Gövsa'nın kitabının önemi, bu kitabın baskısının tükenmiş olduğu son elli yılda Sevi ve Sabataycılar hakkında çıkan daha yeni kitaplarla karşılaştırıldığında ortaya çıkıyor. Gövsa Sabataycılar'ın yaşayan mı, yoksa yok olan bir topluluk mu olduğu tartışmasına katılmış olsa da onları kendi tarih ve dinleri içinde anlamaya çalışmıştı. Ne onları inançları nedeniyle yargılamış ne de kitabını onlara karşı açık bir önyargıyla yazmıştı.
Sabataycılar asimile olup değişik âdetlerini bir tarafa bıraktıkları halde, son elli yıl boyunca Türkiye'de çeşitli yazarlar tarafında saldırıya uğradılar. Bugün Türkiye'de kitapçılarda bu konuda yaygın olarak satılan kitaplar komplo teorileri ve hâlâ varlığını sürdüren çok sayıda kötü niyetli Sabataycı'nın bulunduğu iddiaları ile dolu. Ne yazık ki Prof. Dr. Abdurrahman Küçük'ün "Dönmeler ve Dönmelik Tarihi" de (şimdi Dönmeler Tarihi adı altında ikinci baskısında, Hamle Basın, İstanbul, 1997) konu hakkında yazılmış tek akademik kitap olmasına rağmen, açıkça Yahudi ve Sabataycı karşıtı bir yaklaşımla yazılmış.
Öyle ki, Küçük'ün kitabının bibliyografyası Nazi Almanyası döneminde yazılmış anti-Semitik kitaplarla dolu. Bu yaklaşım da kitabı, objektif bir araştırmanın sahip olabileceği entelektüel değerden yoksun bırakıyor.

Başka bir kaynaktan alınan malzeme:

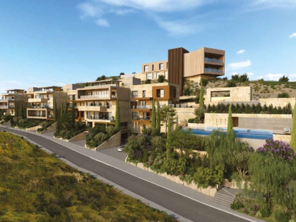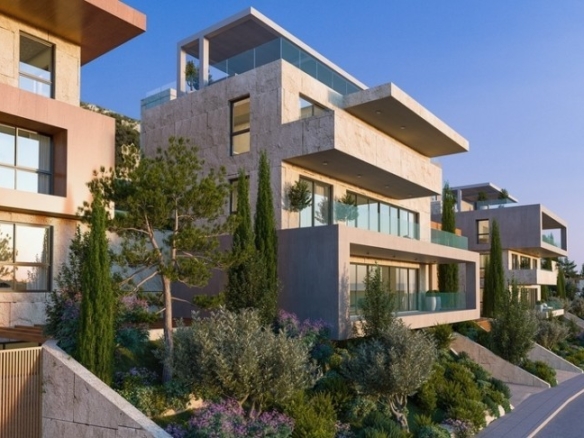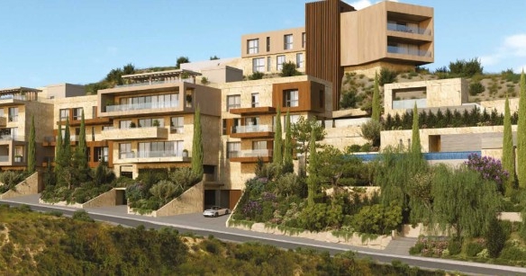 The project comprises four buildings nestled on top of a quiet hillside, on the eastern side of Limassol. Its prime location on an elevated plane in one of Limassol’s most exclusive areas, surrounded by the spectacular views of the sparkling Mediterranean Sea. Each apartment is designed and positioned in such a way as to allow unobstructed views of the surrounding large open spaces, which feature a wealth of greenery and the ancient ruins of Amathounta nearby. Ensuring privacy and convenience, the apartments are securely gated and accessible from two separate roads and offer easy access to the highway. All four buildings will be surrounded by lush botanical landscape gardens. This penthouse with spectacular sea views features a 106 sqm roof terrace. Delivery – June 2025.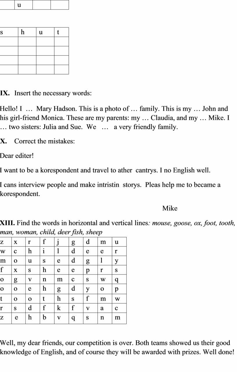 XIII. Find the words in horizontal and vertical lines: mouse, goose, ox, foot, tooth, man, woman, child, deer fish, sheep

Gövsa'nın çoktan baskısı tükenen Sabatay Sevi adlı kitabı, Türkçe'de Osmanlı Musevileri'nin mesihi ve onun Türkiye Cumhuriyeti'ndeki izleri üzerine yazılmış ilk ve tek ciddi çalışma olması nedeniyle yeniden basılmayı hak ediyor. Objektif ve hatta özgün olmayan, çoğu Galanté'nin yazdıklarına dayandırılan kitap, bugün konu hakkında Türk okuruna sunulan diğer kitaplardan çok daha iyi.